Joy Womack is from California, Sergei Polunin from a poor city in Ukraine. One went East to pursue a career in ballet, the other West. For both, talent has proven to be a double-edged sword.

© Clemens Höges/DER SPIEGEL
By  in Moscow
  

When she appears, the other dancers strike a quiet pose. She takes off, jumps and does a split mid-air in a swirl of white tulle. Her movements seem effortless, as if she requires no momentum at all — not even a chance to catch her breath. She imperiously raises an arm, liberating the others from their paralysis. They fall into line behind her and follow her steps, for she is Myrtha, their leader, the Queen of the Ghost Girls in the ballet “Giselle.”

En pointe, with her head held high, the queen receives a round of applause. Then she glides away.
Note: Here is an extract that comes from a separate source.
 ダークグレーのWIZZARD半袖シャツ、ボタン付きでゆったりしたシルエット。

Backstage, she lets herself fall on a yoga mat, panting and sweating. After a short pause, she’s back to being Joy Womack, a 21-year-old from Santa Monica, California. In her company, the Kremlin Ballet Theater, she is one of the select few who dances solo. She is the first American to perform here, behind the walls of the Kremlin.
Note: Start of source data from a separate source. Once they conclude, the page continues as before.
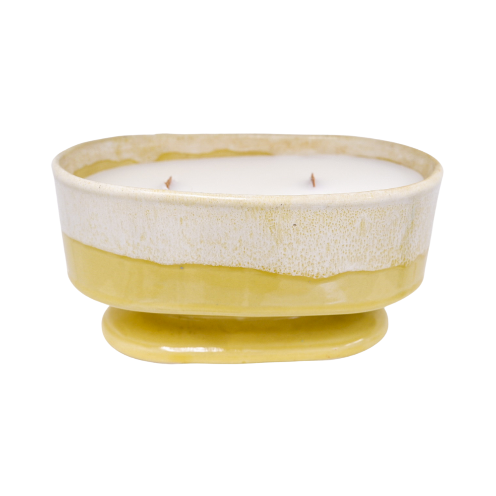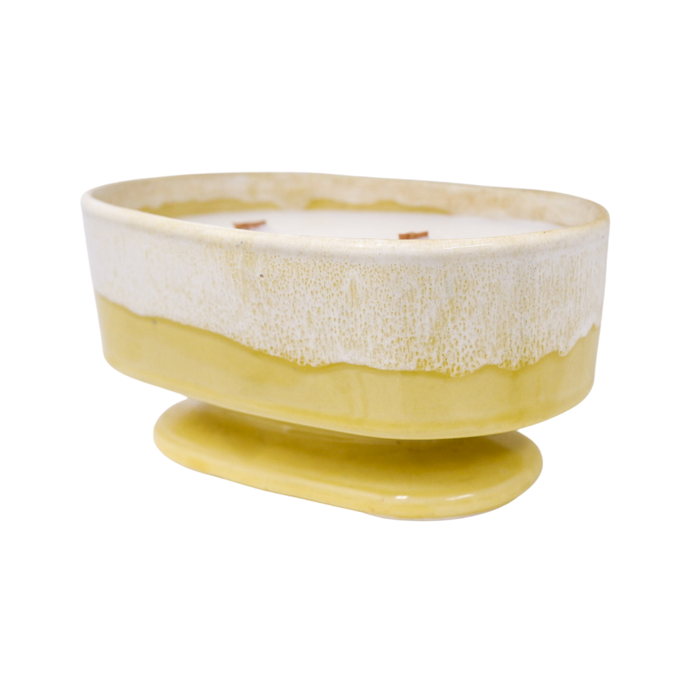 Another funky and unique planter that we found. But we just couldn't resist a good glaze! A beautiful golden rod color catches your eye, with the perfect speckle drip to match.
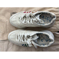 These Gucci Rhyton sneakers feature a multicolor logo design on cream white leather, offering a bold yet sophisticated look. The sneakers' cushioned sole provides comfort, while the floral interior lining adds a touch of uniqueness. Ideal footwear for casual and semi-casual outfits. • Lace-up closure for secure fit • Signature Gucci branding • Floral interior lining • Durable rubber sole • Chunky silhouette Slight scuffs on the heels and soles; overall great condition. Size: Womens 37 Condition: Pre-Owned Like New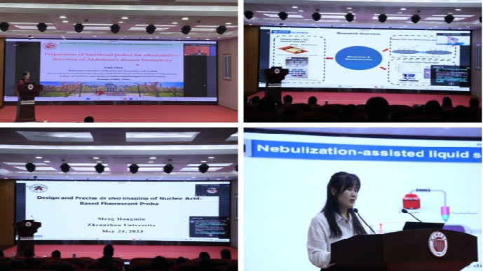 纽约国际手机登录河南省生物分子识别与传感重点实验室执行主任、中原青年拔尖人才周艳丽教授做了题为《基于功能化探针的阿尔茨海默病生物标志物超灵敏检测》的报告,以疾病标志物高灵敏检测为目标,设计了基于合成纳米团簇高灵敏电化学标记探针、基于有机特异性分子设计构建的比率型传感器、基于大分子聚合物构建的自校准比率型传感器用于活体检测。奥克兰大学研究员朱碧澄博士围绕导电聚合物、激光打印石墨烯电极及柔性可穿戴电极方面的研究做了题为《基于有机导电聚合物和石墨烯的生物传感器和生物电子学》的报告;郑州大学“青年拔尖人才”孟红敏博士做了题为《核酸荧光探针的设计与精准活体成像》的报告,讲述了可编程DNAzyme用于特异性体内成像以及细胞外环境和膜受体双重驱动的DNA纳米机器人用于精确体内肿瘤成像;纽约国际手机登录史朝霞博士围绕解决催化发光如何在线分析液体样品和对复杂样品的选择性分析两方面做了题为《基于催化发光传感器的复杂样品快速检测方法研究》的报告。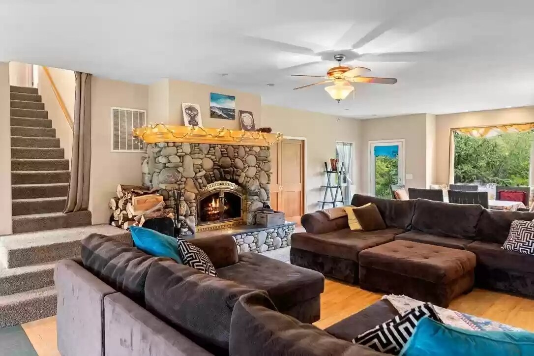 PLEASE NOTE: Full remodel completed July 2026 – photos are pre-remodel. Enjoy stunning Mt. Shasta views at this elegant 5-acre, 6+ bed, 3.5 bath retreat. The 4,000 sq ft home features a gourmet kitchen, spacious great room, dining area, bedroom, and 1.5 baths on the main level. Upstairs offers 2 master suites with balconies and views, a shared bath with heart-shaped tub, bunk room, 2 additional bedrooms, bath, and laundry. Event space and loft above garage available for special use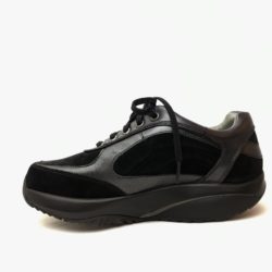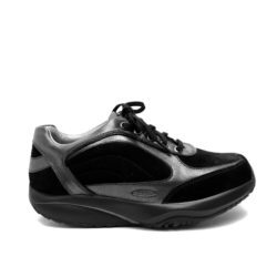 Scarpa ginnica con allacciatura stringata, tomaia in pelle scamosciata e non, questa scarpa può essere comoda per tutta la giornata. Suola in gomma con la tecnologia MBT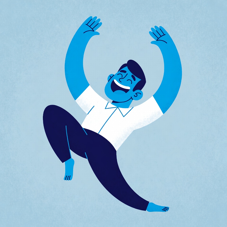 A blue cartoon illustration of a smiling man jumping with arms raised high. He wears a white collared shirt, dark pants, and is barefoot. The figure is set against a solid light blue background.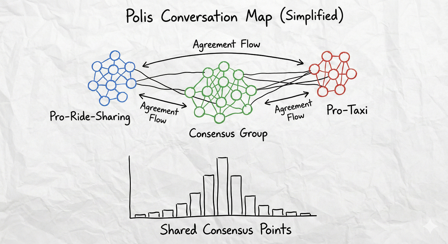 Instead, the civic tech community g0v (gov-zero) ran the dispute through vTaiwan, an open deliberation platform built on software called Polis. Over 4,000 citizens participated. Polis worked differently from social media: you could post opinions and vote on others’ statements, but you couldn’t reply. No threads, no dunking, no pile-ons. The platform visualized clusters of agreement and surfaced statements that drew support across opposing camps.

The stage is located in the former Kremlin Palace of Congresses, an imposing monument to Soviet architecture with more than 800 rooms, located just 150 meters (492 feet) away from Vladimir Putin’s office. In Soviet times, the enormous theater hall was also used to entertain Communist Party elites with ballet. Even today, the hammer and sickle can be found adorning the walls. The performances have been public since 1990.

Womack crouches on her mat. She’s a petite, wiry woman with brown curls pinned up high and dramatic makeup. She presses her lips together and stares at the floor. Her leg is hurting — and the timing couldn’t be worse.

No one can know. She would keep dancing even if she had a broken foot. It wouldn’t be the first time. She was practicing all morning, right up until the show. And she hardly ate anything all day. What keeps her going is a mixture of adrenaline, caffeine and willpower.

Other dancers are scurrying around backstage, whispering and giggling. It’s not as bad as it was at the beginning, back when Womack didn’t understand any Russian. But she’s still a stranger, even now.

 She gets up and hurries back to the stage. She doesn’t look at anyone and no one says anything to her. She straightens her shoulders and runs into the spotlight.

Dreams of Ballet Stardom

She lives for these moments. Womack is in Moscow because she wants to be one of the world’s best dancers. She moved a lot closer to achieving her dream when, six years ago, she left the United States for the first time and traveled to Russia on her own. Today she is a prima ballerina in the ballet capital of the world. But she’s still a bit shy of reaching her goal. Being here is a fight for survival. She is, as CNN reported in April, “the American dancing in the Kremlin for $8 a day.”

“Well,” says Sergei Polunin, “I assume she agreed to these conditions herself.” He has never met Womack. They come from different worlds. He hails from the East, while she is from the West. Yet theirs are similar stories of talent, the quest for perfection and childhoods that never were. Their lives are filled with agony and intoxication, triumph and defeat.

Polunin, 25, is probably the most talented dancer of his generation. Critics compare him to Rudolf Nureyev, the dancer of the century. He was 19 when London’s Royal Ballet conscripted him as the youngest First Soloist in its history. Today, Polunin gets to pick which world stage he wants to dance on. In the same week, he’ll also be performing in Moscow at another staging of “Giselle” — at the Bolshoi Theater, whose dance troupe is considered the most famous in the world.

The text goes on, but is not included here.